The Plaintiff allege three "claims" for relief (more accurately, three categories of relief that she seeks): (i) a claim for declaratory relief, requesting a declaration by the Court that she has "rescinded [the mortgage] in accordance with HOEPA [and] TILA, and that the Defendants are not entitled to proceed with any foreclosure sale of the property"; (ii) a claim for injunctive relief preventing the Defendants from foreclosing on the property, among other things; and (iii) an undifferentiated claim for damages under HOEPA and TILA, in that the Plaintiff "suffered actual damages due to the failure of [HSBC] and its predecessors in interest to properly disclose finance charges associated with the loan transaction, the imposition of closing costs and fees in connection with this improper loan transaction, and otherwise."
HSBC moves to dismiss (# 23) the Complaint, arguing: (i) the Plaintiff fails to state a claim for damages under HOEPA because she does not allege that the mortgage was a "high cost mortgage loan" pursuant to 15 U.S.C. § 1602(aa)(1); (ii) the Plaintiff alleges TILA and HOEPA violations against Ownit, but makes no allegations that would give rise to HSBC's liability for Ownit's violations; (iii) claims for damages under TILA and HOEPA are subject to a one-year statute of limitations from the date the transaction is completed, and thus, the Plaintiff's claims for damages are untimely; (iv) the Plaintiff fails to state a claim regarding a declaration of the effectiveness of her Rescission under TILA because she has not alleged facts showing that HSBC is a "creditor" under 15 U.S.C. § 1602(f); (v) the Plaintiff failed to commence this action within the 3-year limitations period governing rescissions under TILA; (vi) any purported Rescission was ineffective, as the Plaintiff never offered to tender back the principal sum borrowed; and (vii) the Plaintiff has failed to plead facts that would show that HSBC, as assignee, is liable for Ownit's omissions under 15 U.S.C. § 1641(e).

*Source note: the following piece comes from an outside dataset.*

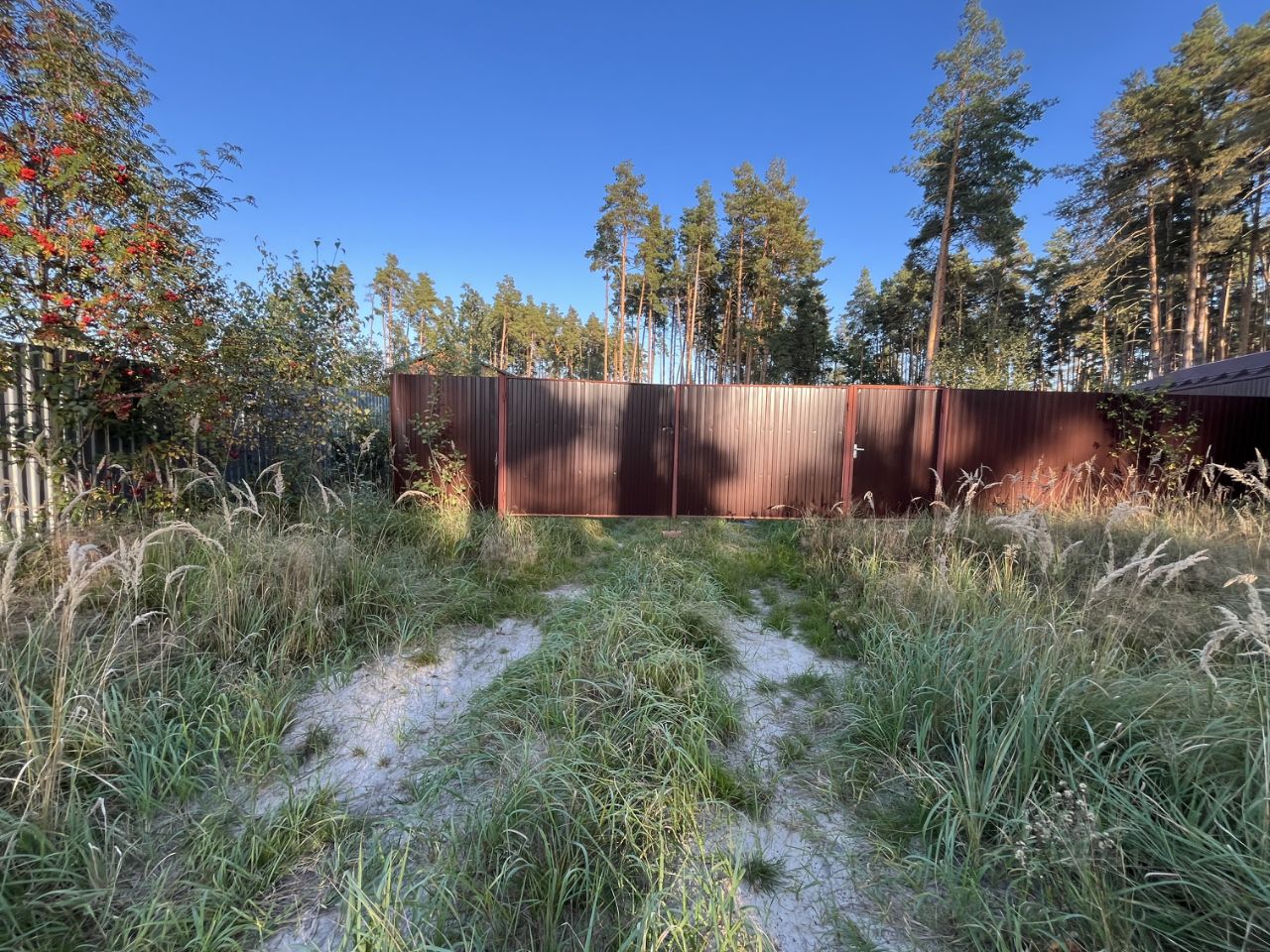 Участок очищен от кустов и деревьев,оставлены сосны. Подготовлен для строительства дома. Огорожен забором из профлиста,есть распашные ворота Свет 15 кВт 380 вт подключен.

HSBC also contends that the Plaintiff cannot maintain an action under RESPA, because, among other things, RESPA does not provide for a private right of action. In response, the Plaintiff concedes that "there is no RESPA claim in this case."
ANALYSIS
A. Standard of reviewIn reviewing a motion to dismiss pursuant to Rule 12(b)(6), the Court must accept all well-plead allegations in the Complaint as true and view those allegations in the light most favorable to the nonmoving party. Stidham v. Peace Officer Standards and Training, 265 F.3d 1144, 1149 (10th Cir. 2001), quoting Sutton v. Utah State Sch. For the Deaf Blind, 173 F.3d 1226, 1236 (10th Cir. 1999). The Complaint should not be dismissed for failure to state a claim "unless it appears beyond doubt that the plaintiff can prove no set of facts in support of his claim which would entitle him to relief." Conley v. Gibson, 355 U.S. 41, 45-46 (1957); Benefield v. McDowall, 241 F.3d 1267, 1270 (10th Cir. 2001); GFF Corp. v. Associated Wholesale Grocers, Inc., 130 F.3d 1381, 1384 (10th Cir. 1997). The Court must limit its consideration to the four corners of the Amended Complaint, any documents attached thereto, and any external documents that are referenced in the Amended Complaint and whose accuracy is not in dispute. Oxendine v. Kaplan, 241 F.3d 1272, 1275 (10th Cir. 2001); Jacobsen v. Deseret Book Co., 287 F.3d 936, 941 (10th Cir. 2002); Dean Witter Reynolds, Inc. v. Howsam, 261 F.3d 956, 961 (10th Cir. 2001).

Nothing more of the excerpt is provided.